As digital applications become increasingly prevalent in the healthcare industry, online learning for physicians has evolved from a mere supplement to traditional offline education into a primary channel for professional development, peer exchange, and enhancement of clinical competencies. Concurrently, healthcare companies are finding it progressively more challenging to reach their target customers—specific physician segments. In response to these practical challenges, digital medical communication has quietly emerged, establishing an innovative, highly efficient bridge between enterprises and physicians that facilitates engagement in ways previously unseen.

Shen Feiyan, Founder and CEO of Yijie (Image source: Provided by the company)
“Creating a barrier-free space for medical communication is the primary goal I set when founding Yijie,” Shen Feiyan, founder and CEO of Yijie, told VCBeat (WeChat ID: vcbeat). Yijie Information Technology (Shanghai) Co., Ltd. (also known as “Yijie”) was established in 2015 as a professional online education platform for physicians, currently operating nearly 1,000 physician communities. In 2018, the average monthly active user (MAU) rate across these communities reached approximately 50%, and by the first half of 2019, it had surpassed 80%. Compared with other medical communities, such high MAU rates make Yijie’s underlying business logic and core value worth exploring.

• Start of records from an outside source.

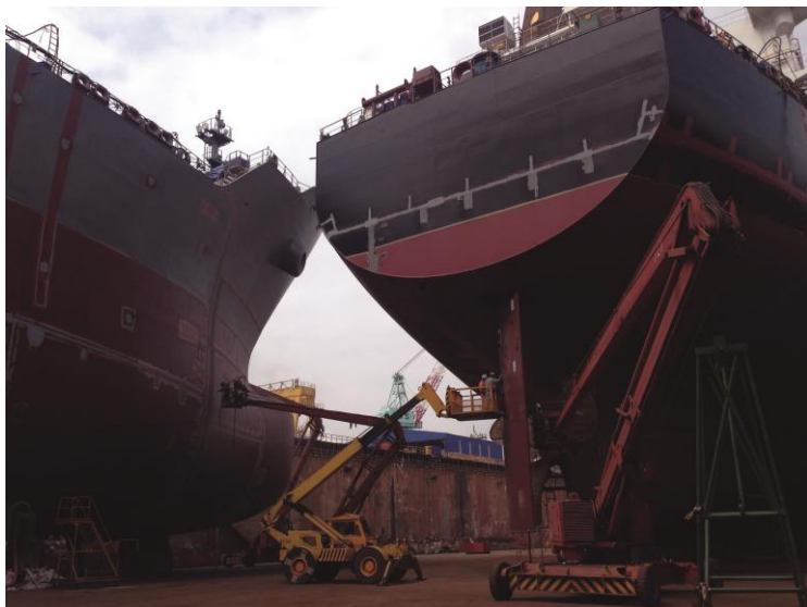
© L'île sans rivages (2018), Close Up Films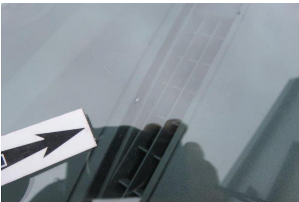
Fot. 59. szyba czołowa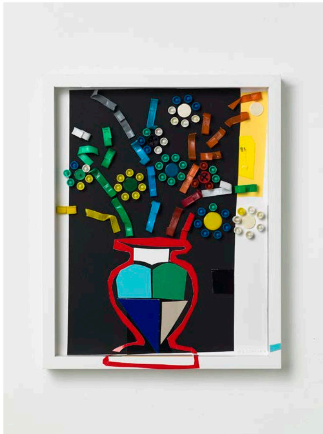
Blumendecor 1, 2017, Papier, Fundstücke, 32 x 26 cm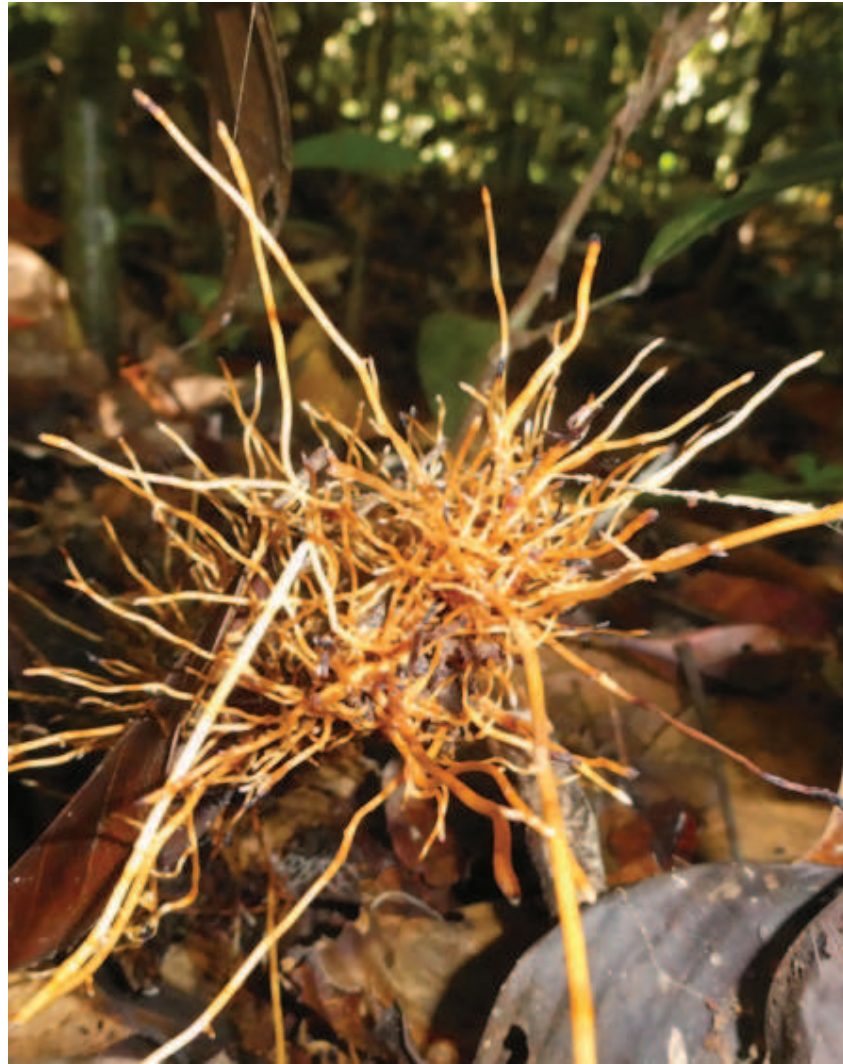
Figura 8. Apanapenaa haiko kapalikana heekoapirikolhe, lhidzaako iyo lhiehe hipai, panheekani kakodzairene.

nanakhitte watsa nhaaha apanapenaa haiko ikapakanaa nakhitte, metsa wakeeta watsa waanheeka ñameka nattaita nadeenhika nhaawaakatsa.

To summarize the core business of Yijie in one sentence, it is medical communication based on the WeChat platform. According to Kantar data, since 2015, the proportion of Chinese doctors obtaining information online has exceeded that offline, with WeChat being a frequently used tool. Shen Feiyan believes that it is precisely because Yijie has leveraged WeChat’s overwhelming dominance in China’s social media landscape that the engagement level of its physician community far surpasses that of other physician communities. Compared with communities built on standalone apps or official accounts, WeChat-based communities offer greater control over traffic, directly translating into improved reach, efficiency, and frequency of user engagement.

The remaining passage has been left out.